Alice Hamilton’s work shone a much-needed light on the dangers of industrial work, but that didn’t mean businesses always listened to her. She was working in a new and unheard-of medical field. At a time when industrialization was extremely profitable and factory owners sometimes put greed before their workers’ health, her efforts were largely ignored. At the outset of her career, Hamilton believed that factory managers were merely ignorant of the dangers and personally tried to persuade them to adopt safer practices. Some, such as employer Edward Cornish, listened and improved the working conditions for their employees, but often her warnings were ignored. As a result, she hoped for government intervention, but Hamilton later commented that over the course of the 25 years from when she started in the field, almost no progress had been made when it came to industrial safety legislation. That being said, her work did inspire some state laws that required regular medical examinations for workers and basic safety gear for the smelting of hazardous metals.

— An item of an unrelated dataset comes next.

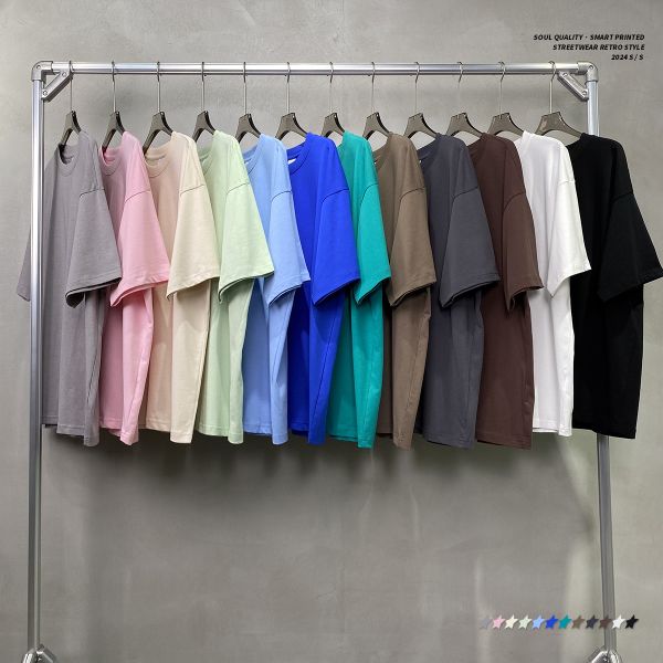 Streetwear 230g 100% Cotton Unisex Blank Custom Drop Shoulder Breathable Short Sleeve Loose T-shirt$5.5
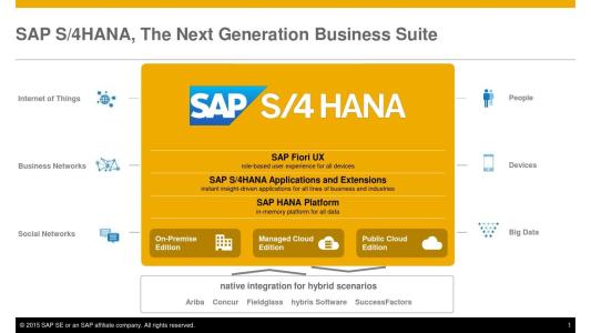S/4 HANA它應(yīng)該也是SAP邁出的第一步,所謂的第一步就是我將核心的功能放到云上,既可以是管理的云,也可以是公有云,因此S/4 HANA是完全支持包括完全的云戰(zhàn)略,混合云戰(zhàn)略和本地的云戰(zhàn)略,應(yīng)該說(shuō)它是和SAP整個(gè)云的戰(zhàn)略是密切新契合的。

Hamilton died in 1970, at 101 years old, just a few months before the United States government passed the Occupational Safety and Health Act. This created the Occupational Safety and Health Administration under the Department of Labor, which works with the private sector to ensure and support safety regulations and provide necessary health information to employers and employees. Additionally, an occupational safety laboratory in Cincinnati, Ohio, is named in Hamilton’s honor, and the National Institutes for Occupational Safety and Health offer an award each year in her name to scientists who have made great contributions to industrial toxicology and occupational safety. They are continuing the work started by Alice Hamilton over a century ago, who strove tirelessly for the health and safety of the blue-collar workers of the country.